Work required: Without the images, print every line of the material below exactly as given.

Data excerpt: Begin

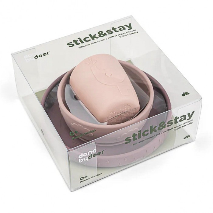 Силіконовий набір посуду Done by Deer Stick&Stay Deer Friends у ніжному пудровому відтінку — безпечне та функціональне рішення для щоденних прийомів їжі малюка.
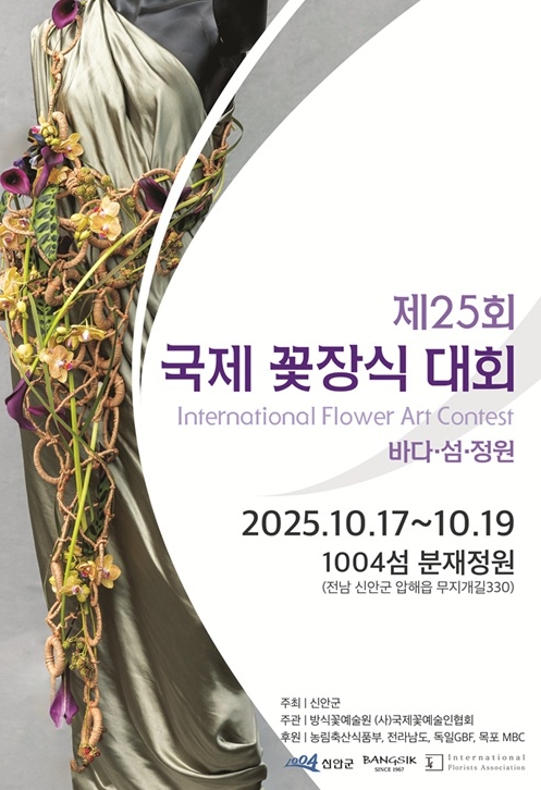 [무한뉴스=정민정 기자] 대한민국 K-플라워 예술의 중심으로 떠오르는 신안군에서 ‘제25회 국제꽃장식대회’가 오는 10월 17일부터 19일까지 3일간 압해읍 1004섬 분재정원에서 개최된다.
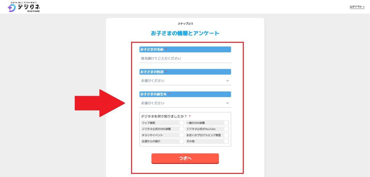 お子さまの名前、お子さまの性別、お子さまの誕生年とデジタネを知ったきっかけのアンケートを入力します。
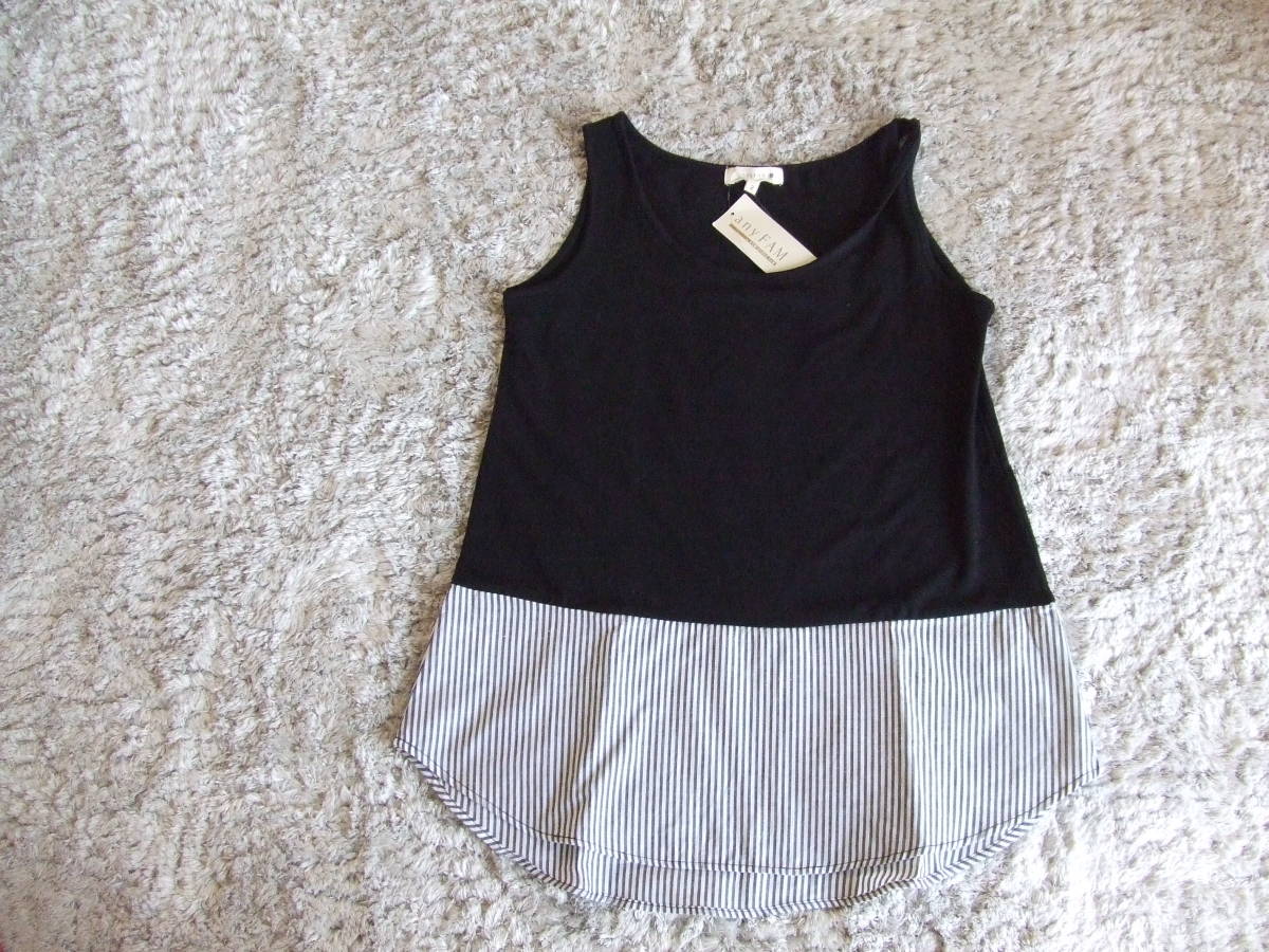 ![]() 商品説明★anyFAM*エニィファム*ノースリーブ*裾出し*ストライプ*新品タグ付*シャツテイル*爽やか*です。 ポリエステル59% レーヨン35% ポリウレタン6% 別布綿100% ショップ購入後自宅保管しておりました。これ1着で重ね着コーディネートができます。ただいま色々断捨離中です。 ★サイズ38 Mサイズ

Data excerpt: End

Result:
 Силіконовий набір посуду Done by Deer Stick&Stay Deer Friends у ніжному пудровому відтінку — безпечне та функціональне рішення для щоденних прийомів їжі малюка.
 [무한뉴스=정민정 기자] 대한민국 K-플라워 예술의 중심으로 떠오르는 신안군에서 ‘제25회 국제꽃장식대회’가 오는 10월 17일부터 19일까지 3일간 압해읍 1004섬 분재정원에서 개최된다.
 お子さまの名前、お子さまの性別、お子さまの誕生年とデジタネを知ったきっかけのアンケートを入力します。
 ![]() 商品説明★anyFAM*エニィファム*ノースリーブ*裾出し*ストライプ*新品タグ付*シャツテイル*爽やか*です。 ポリエステル59% レーヨン35% ポリウレタン6% 別布綿100% ショップ購入後自宅保管しておりました。これ1着で重ね着コーディネートができます。ただいま色々断捨離中です。 ★サイズ38 Mサイズ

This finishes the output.